Begitu melihat Ning Weidong, Bibi Wang buru-buru meletakkan pakaian basah, mengibaskan tangan dan menghampiri, “Weidong, Bibi mau tanya sesuatu.” Ning Weidong sudah bisa menebak, pasti tentang kejadian tadi malam. Ia tidak tahu apa yang diceritakan Wang Kai dan Shi Xiaonan di rumah.
Menurut ingatan pemilik tubuh ini, Bibi Wang orang yang baik, suka membantu siapa saja di lingkungan ini. Orang seperti itu sebaiknya jangan dimusuhi, sebab punya banyak teman, dan jika sampai bertengkar, opini masyarakat pasti tidak memihak.
Ning Weidong juga tidak pura-pura bodoh, ia tersenyum, “Bibi mau tanya soal kaki Kak Shi yang keseleo semalam, kan?” Bibi Wang mengangguk cepat, menurunkan suara, “Coba ceritakan, bagaimana sebenarnya?”
Tadi malam, Shi Xiaonan dan Wang Kai pulang dengan wajah masam, tak bicara satu sama lain. Bibi Wang juga tak berani banyak bertanya, menunggu sampai tengah malam, malah terdengar anak dan menantunya bertengkar.

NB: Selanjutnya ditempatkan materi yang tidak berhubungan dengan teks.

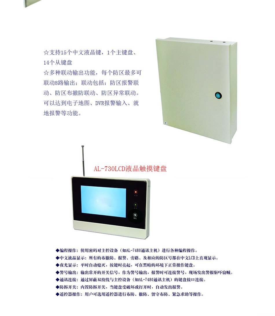 - 可最多接入8个键盘,独立操作,汉字界面。其中1个主键盘、7个从键盘,通过主键盘编程可以让任意键盘跟随所有报警并显示报警信息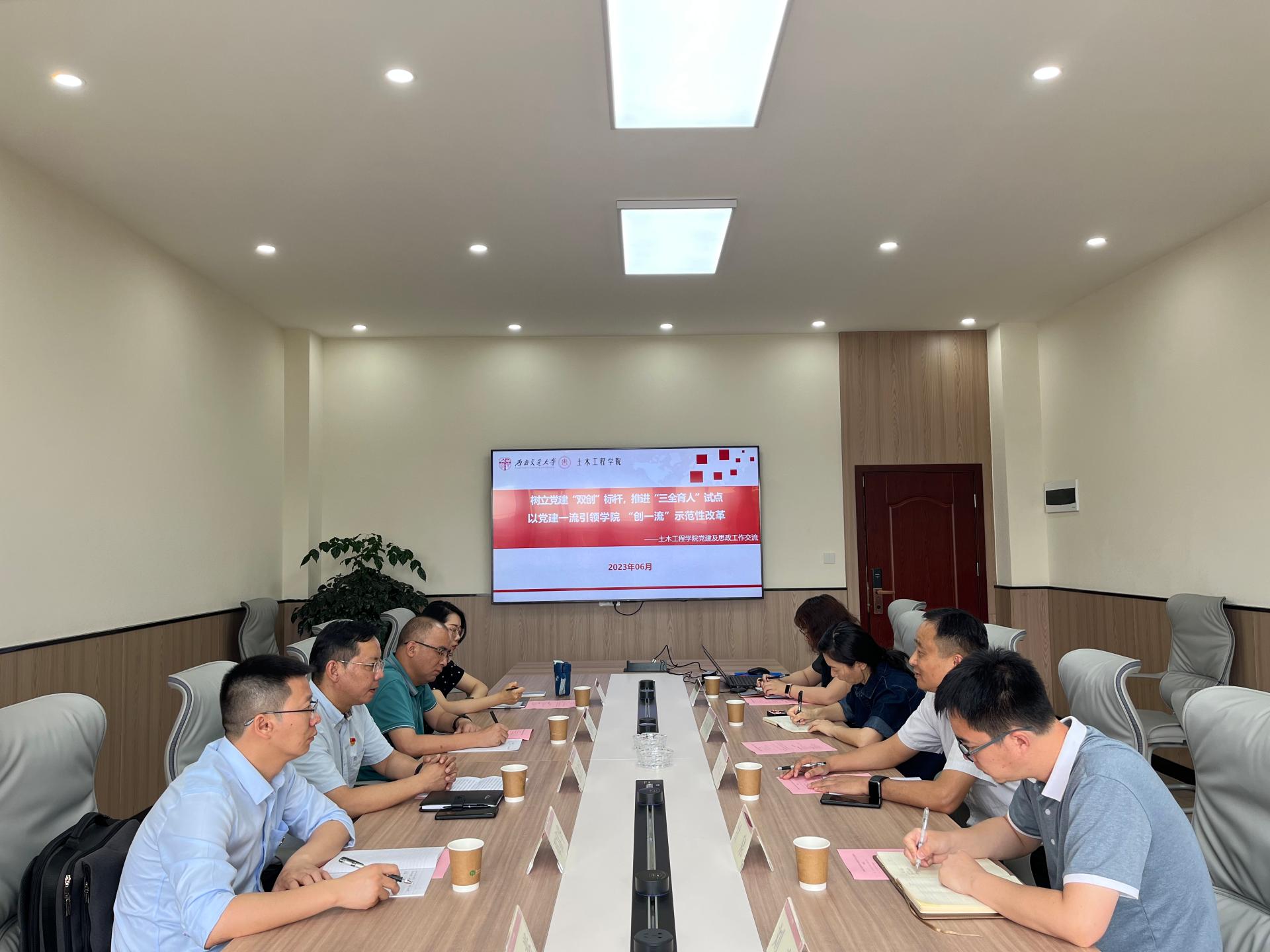 为深入推进学习贯彻习近平新时代中国特色社会主义思想主题教育,落实党中央在全党大兴调查研究工作部署要求,积极探索学院高质量党建和高质量发展之路,6月8日,必赢76net线路唯一官方网站党委书记张剑波带队赴首批“全国党建工作标杆院系”和教育部首批“三全育人”综合改革试点的西南交通大学土木工程学院开展主题教育学习调研。西南交通大学土木工程学院党委书记高平平,党委副书记、纪委书记车小洁,教师服务办公室主任甘泉,党建组织员熊麟等参与调研座谈。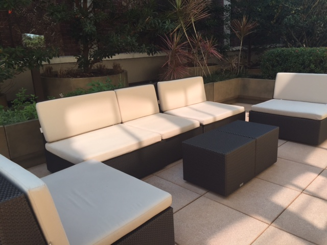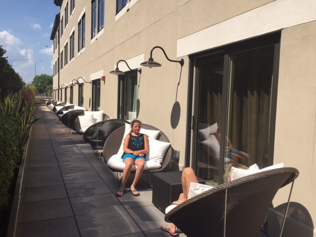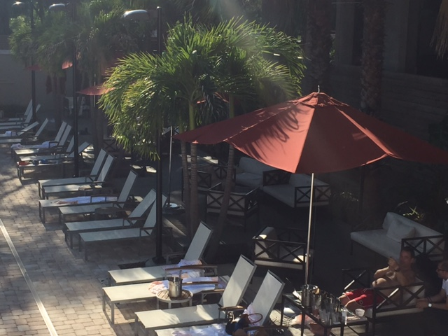 Throughout the hotel there are a variety of seating areas. The lobby has a warm, inviting room with deep couches and TV’s playing cooking shows. Outside there are lots of areas with white couches and you can smell the inviting aromas of fresh basil and rosemary in potted plants.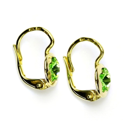 Náušnice ze žlutého zlata jsou zdobeny Swarovski krytalem ve tvaru kytičky. Barva krystalu je chryzolit. Materiál je zlato 585/1000. Celková výška nášnice je 15 mm. Průměr zdobné části je 8 mm. Náušnice mají zapínání na klapku.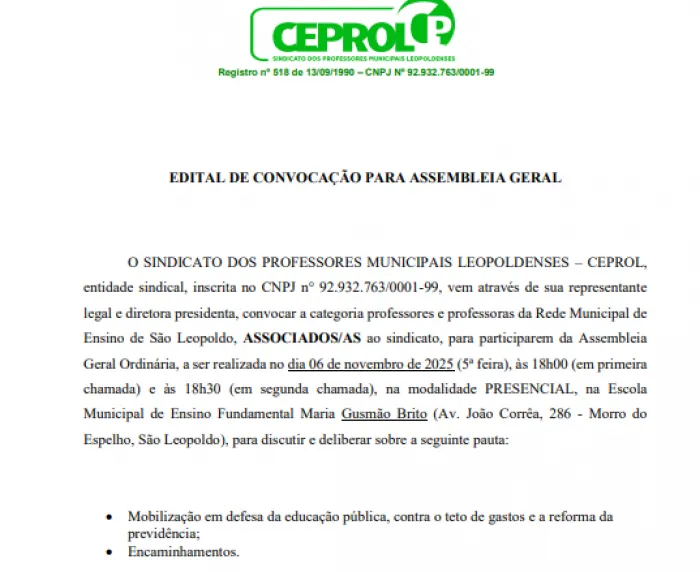 O CEPROL Sindicato convoca a categoria professores e professoras da Rede Municipal de Ensino de São Leopoldo, ASSOCIADOS/AS ao sindicato, para participarem da AssembleiaGeral Ordinária.🗓️Dia: 06/11/2025 (5ª feira);🕢Horário: 18h00 (em primeirachamada) e 18h30 (em segunda chamada);📍Local: EMEF Maria Gusmão Brito.📢Pauta:•Mobilização em defesa da educação... Leia mais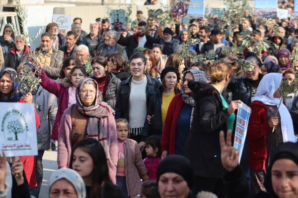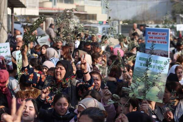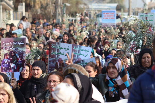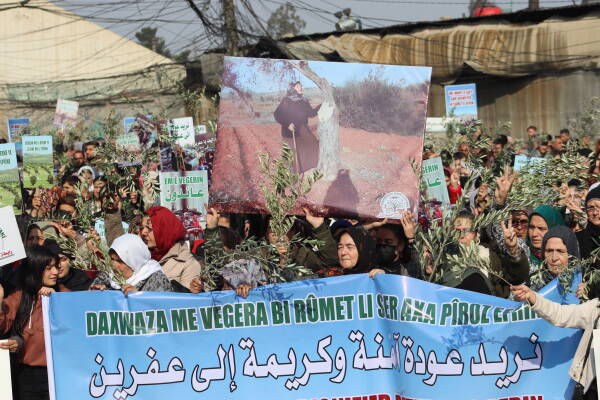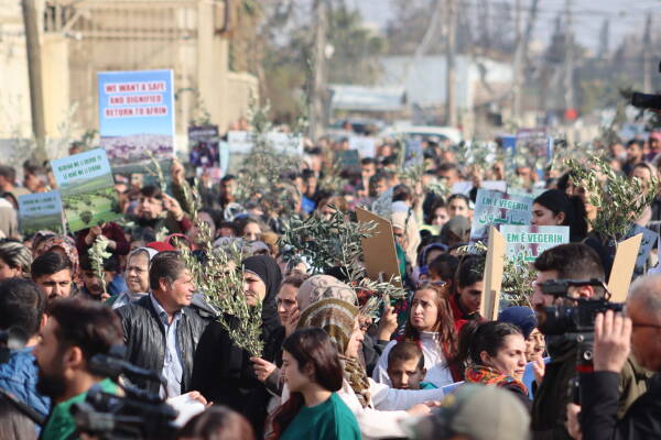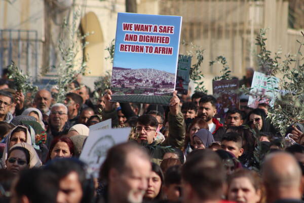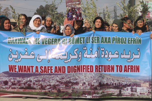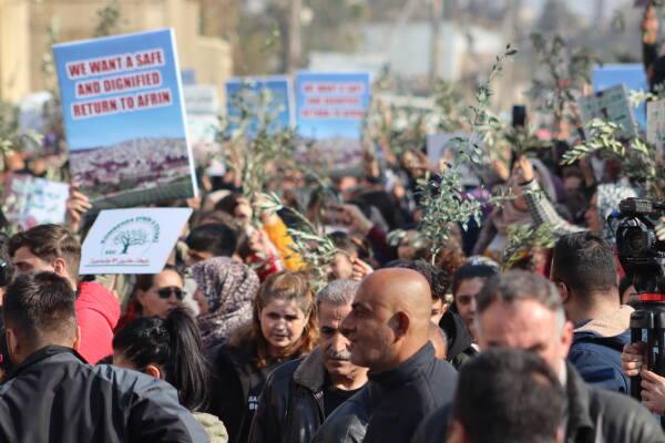 Bi daxwaza vegera bi ewle ya li Efrînê, koçberên Efrînê bi pêşengtiya Komeleya Efrînê meşek li bajarê Qamişloyê lidar xistin û nameyek radestî Netewên Yekbûyî kirin. Meş bi dirûşmeya “Daxwaza me vegera bi rumet a li ser axa pîroz Efrînê” pêk hat. Meş bi tevlîbûna koçberên Efrînê, saziyên civaka sivîl, rêxistinên serbixwe, nûnerên Rêveberiya Xweser, ji ber Stadyuma 12’ê Adarê, destpê kir û li ber avahiya Neteweyên Yekbuyî  (NY) bidawî bû.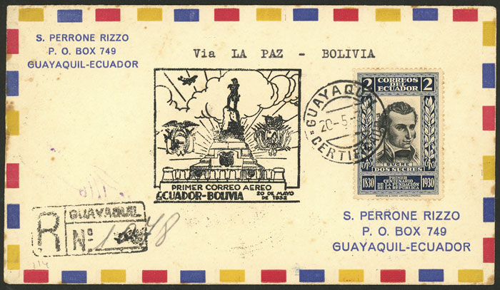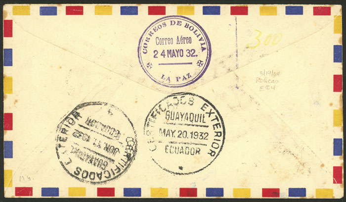 20/MAY/1932 Guayaquil - La Paz (Bolivia), first flight by PANAGRA (only 63 pieces were flown), with special handstamp and arrival backstamps, VF quality!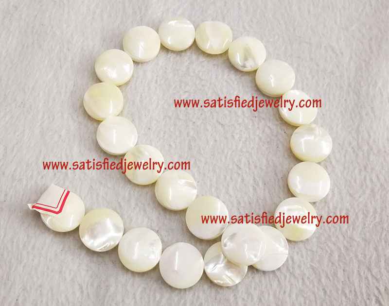 Material: Shell Color: white, yellow Size: 18mm MOQ: 50strs/color, one string with 22pcs Delivery time: one week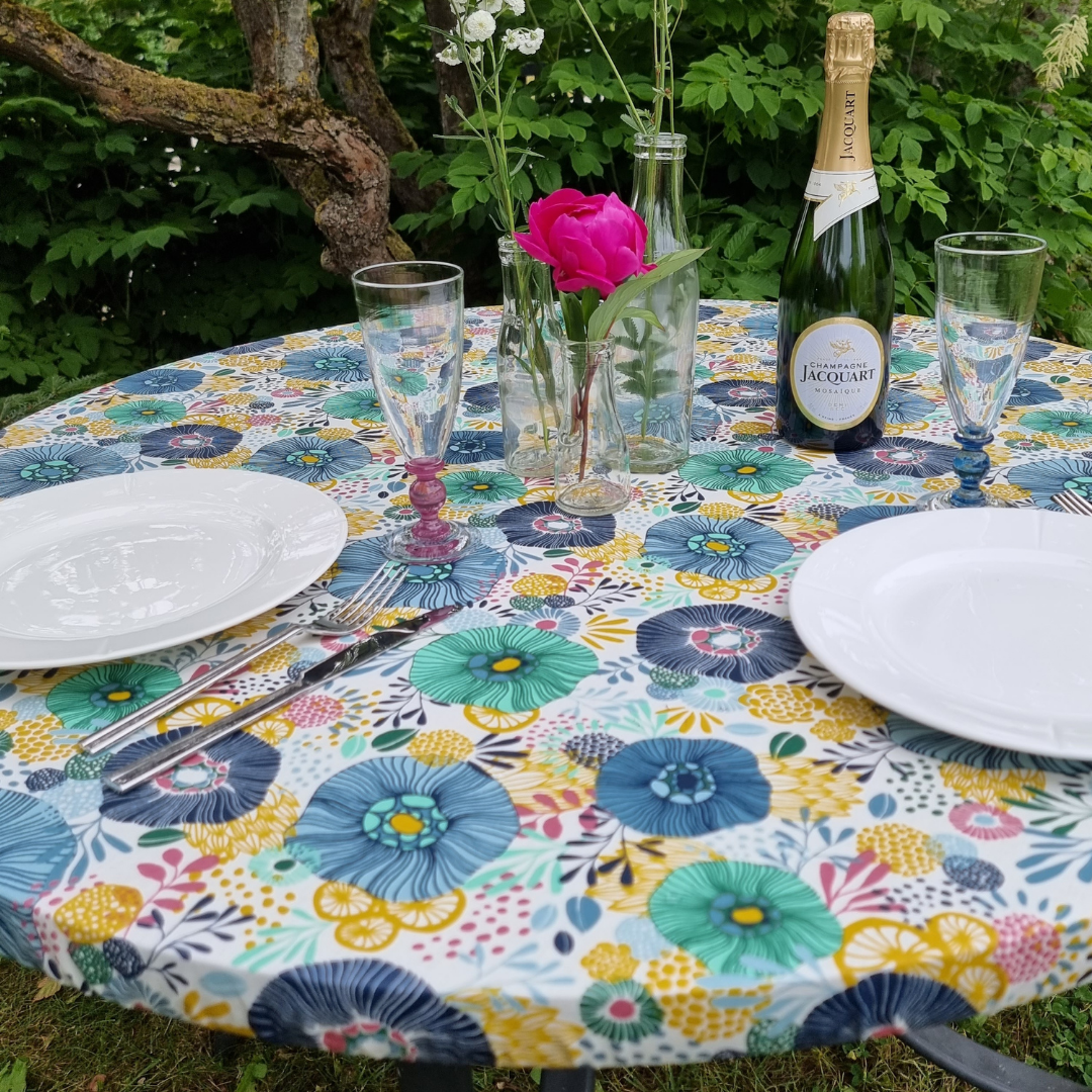 Chidori blå – Rund akrylduk med strikk er i restordre og sendes så snart varen er på lager igjen.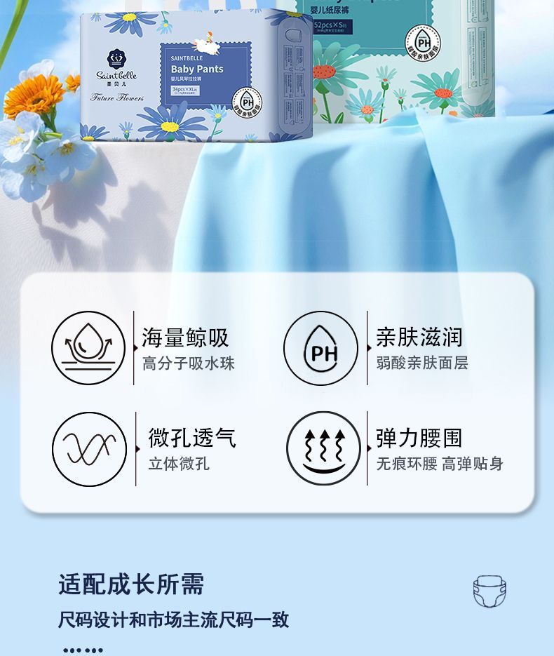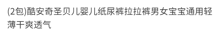 商品名称:(2包)酷安奇拉拉裤现货圣贝儿婴儿清仓纸尿裤男女宝宝轻薄透气批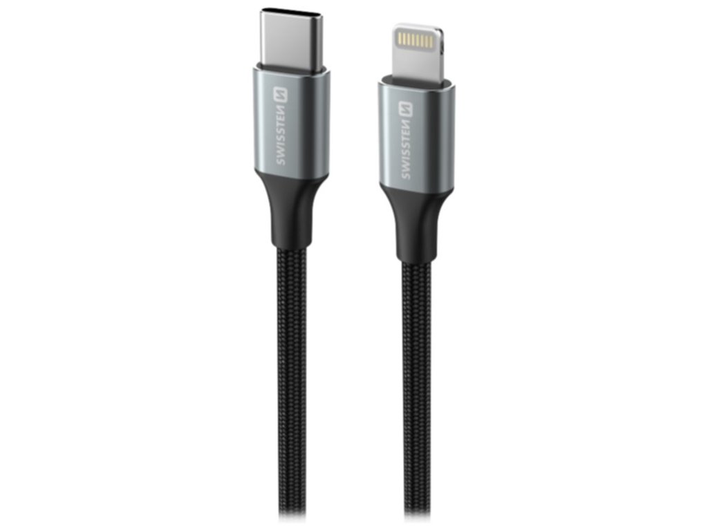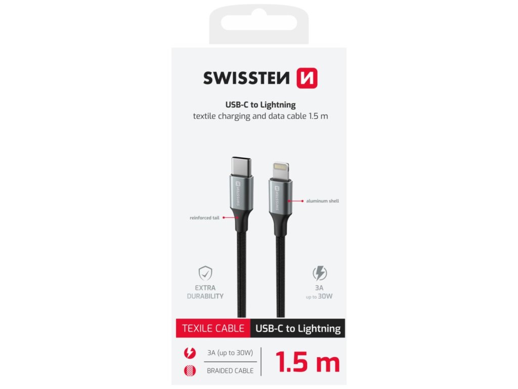 Swissten datový kabeltextile ii usb-c / lightning 1,5 m černý

Shi Xiaonan tipe orang yang menjaga harga diri, tak mau jadi bahan gunjingan tetangga, jadi bertengkar pun suaranya ditahan. Wang Kai juga demikian.
Bibi Wang menempelkan telinga ke dinding, mendengarkan lama tapi tetap tidak paham, hanya sempat mendengar nama Ning Weidong.
Ning Weidong pun menceritakan bagaimana ia bertemu Shi Xiaonan yang cedera, lalu memboncengnya pulang naik sepeda. Setelah selesai, ia menepuk paha, “Bibi Wang, begitulah ceritanya. Saya pikir, kita semua tetangga, tapi siapa sangka… Coba Bibi bilang, harus mengadu ke mana?”
Bibi Wang baru paham, buru-buru meminta maaf, “Aduh, kakakmu Wang itu memang keras kepala, Bibi mewakili dia minta maaf padamu…” Ia berceloteh panjang, lalu berpesan, “Weidong, sebaiknya jangan ceritakan ini pada siapa-siapa.”
Ning Weidong mengerti kekhawatiran Bibi Wang, hal seperti ini memang mudah jadi bahan omongan. Bagaimanapun, Shi Xiaonan itu menantunya, kalau sampai gosip tersebar, anak lelakinya yang bakal malu.
Selesai berpesan, Bibi Wang masih merasa kurang lega, berkata agar Ning Weidong menunggu, lalu masuk ke rumah. Tak lama keluar lagi, membawa sekotak rokok dan menyerahkannya pada Ning Weidong. “Bibi terima kasih padamu.”
Ning Weidong melihat, itu merek Da Qianmen, tiga puluh sen per bungkus, cukup layak. Ia tersenyum, “Tenang saja, Bibi, saya tahu bagaimana harus bersikap. Saya masuk dulu.”
Setelah dapat jaminan, Bibi Wang sedikit lega, namun saat melihat Ning Weidong masuk ke halaman dalam, wajahnya justru berubah muram. Dalam hati ia merasa, anak keduanya dan Shi Xiaonan sepertinya benar-benar sudah di ujung jalan.